Anyway, and regardless of all that, there is still a strange draw to arm oneself with an already battered credit card and sally forth into the shops with big red percentages plastered over their windows in case there really is something you would be gutted to find you missed out on. What is that about? Over the Christmas period we have had visits from family and friends who have been to some of the poorest parts of Africa and the Indian subcontinent and seen pictures and heard descriptions of what it was like for the poorest of the poor. I’m not sure what a January sale would consist of in the interior of Liberia, but I’m guessing it wouldn’t draw queues of people waiting to get designer handbags at half price.

By all means buy a bargain, shop ’till you drop and enjoy it, but why not match your spending pound for pound by giving a gift to those for whom January just means they have survived another year. Try Living Gifts or a charity of your own choice and start the year as you mean to go on. A very prosperous New Year to you and your own.


Christmas shopping and maiden voyages

Every so often we have assembled a shopping list long enough to necessitate a visit to the West Quays shopping centre in Southampton.

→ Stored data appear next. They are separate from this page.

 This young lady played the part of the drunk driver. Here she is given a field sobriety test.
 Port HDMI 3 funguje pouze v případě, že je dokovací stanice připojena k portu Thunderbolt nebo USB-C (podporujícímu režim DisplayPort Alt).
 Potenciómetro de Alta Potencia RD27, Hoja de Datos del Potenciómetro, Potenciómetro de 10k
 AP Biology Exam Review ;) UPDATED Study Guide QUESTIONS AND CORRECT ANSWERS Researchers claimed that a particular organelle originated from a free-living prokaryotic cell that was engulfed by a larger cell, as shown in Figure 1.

It’s kinda spread out a bit with warehouse-style shops until you get to the main consumer cathedral where Marks & Spencer and John Lewis are to be found. As far as I am concerned when it comes to shopping, there’s really not much to say other than we got what we went for and returned unscathed. Not a participatory sport in my book. Actually we found that late afternoon on a regular weekday in December is a heck of a good time to shop at M&S. According to the checkout guy there had been queues way back along the shop floor from the checkouts at around 3pm, but we had no-one in front of us at around 5pm. My kind of queuing.

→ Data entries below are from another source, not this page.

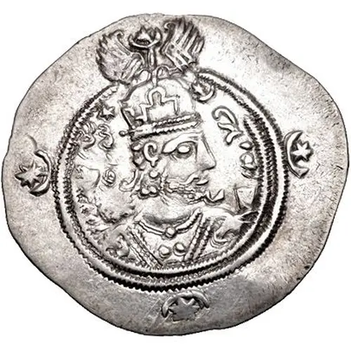 | Obverse description | A bust of the king facing right, wearing mural crown with frontal crescent, two wings, and star set on crescent; ribbon on left shoulder, crescent and ribbon on right; stars flanking crown Pahlavi legend |
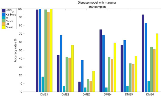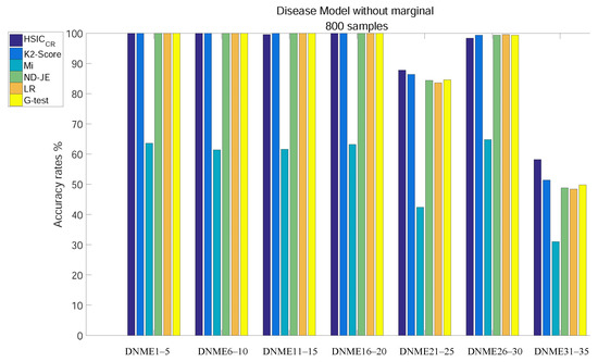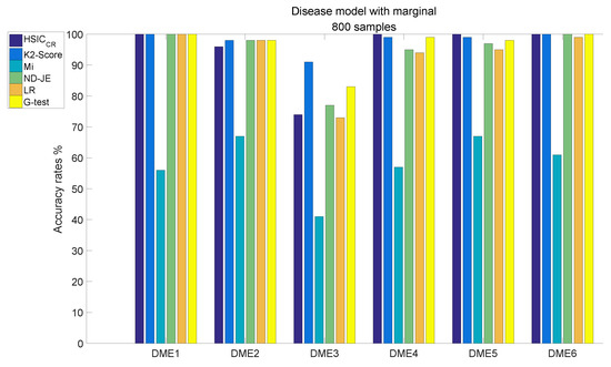 Table 2 reveals the total average accuracy. From Table 2, we can find that Mi has a poor average accuracy; the K2-Score has the best average accuracy rate regardless of the model’s sample scale of 400 or 800, where the main reason is that its accuracy rate on the DME3 test is much better than the other five scoring criteria; although the average accuracy of HSIC tested on DME3 is not good enough, it ranks second in the overall average accuracy rate.
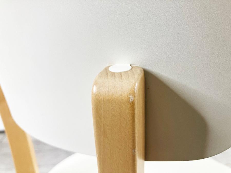 フレームに木材、背と座にプラスチックを利用した異素材の組み合わせ手が特徴的。プラスチックのパーツとフレームのジョイントにネジを使わない技術も光ります。
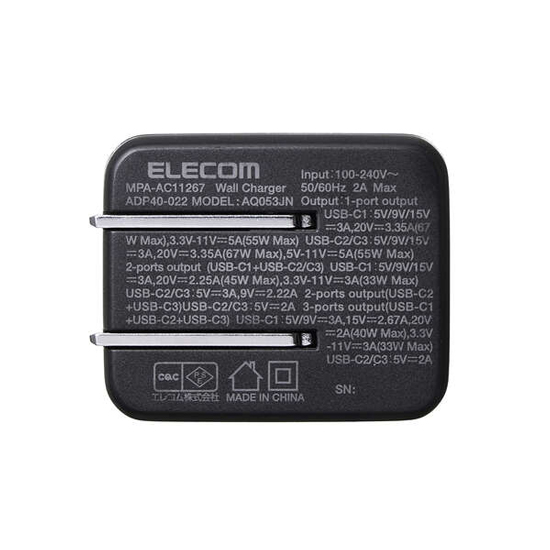 出力 USB-C1/2/3:5・9・15V/3A、20V/3.35A/USB-C1 PPS:3.3〜11V/5A/USB-C2/3 PPS:5〜11V/5A

So what do you do aprĂ©s shopping? Well drink tea of course. Off up to the top floor of John Lewis where they have a food court with big windows looking out over the docks. Talk about good timing, just as we arrived the Queen Victoria slipped moorings and headed out on her maiden voyage. Being as how they had organised a quayside ceremony for a very large number of dignitaries earlier, Cunard obviously couldn’t let this auspicious occasion go without a rather noticeable firework display. At times it was hard to see quite where the fireworks were coming from, but so far as we could figure out there were quayside and shipborne both going off at the same time. Probably increased the ships carbon footprint what with all the smoke and all, but do ships have a footprint? Ignoring obvious jokes about the plimsoll line, the concept of a carbon hull print is a little harder to comprehend. It was pretty jolly good though. The celebration flapjack I had wasn’t bad either. OK, I admit, it wasn’t due to celebration, it was down a lack of self-control bought on by the euphoria of finding I had dropped a jeans size. Apparently swimming really is good for you, once the ear infection goes.

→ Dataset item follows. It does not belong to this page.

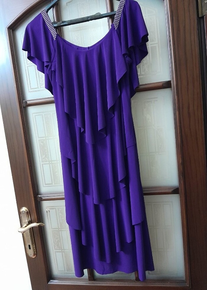 Elbiseyi 3 yıl önce bir butikten almıştım,2 kere giyindim. Elbise çok iyi durumda,koyu mor renk,boyu dizde,önü kat kat arkası düz,omuzlarında taş detayı vardır,likralı bir kumaşa sahiptir.

Whilst I was shopping I came across a great example of possible cause and effect. In JJB Sports they lock the changing rooms so you can’t use them without the assistance of an assistant. Well I call them assistants but to be honest it’s more of a title than a description. So anyway, you go to find an assistant and there follows a discussion amongst them as to who is going to unlock the changing rooms, and who then is going to cover the front door whilst the one who was covering the front door goes to unlock the changing rooms. I stood with my best do-you-not-realise-I’m-still-standing-here expression, but it didn’t speed things up any. Now I had assumed that the covering of the front door was keeping an eye open to stop their stock walking out, even with the massive plastic dongle designed to prevent that which is attached to all items. On reflection, and considering their general disability to be of any help in making a purchase at all, maybe it’s to stop potential customers getting in. Saves having to unlock the changing rooms after all.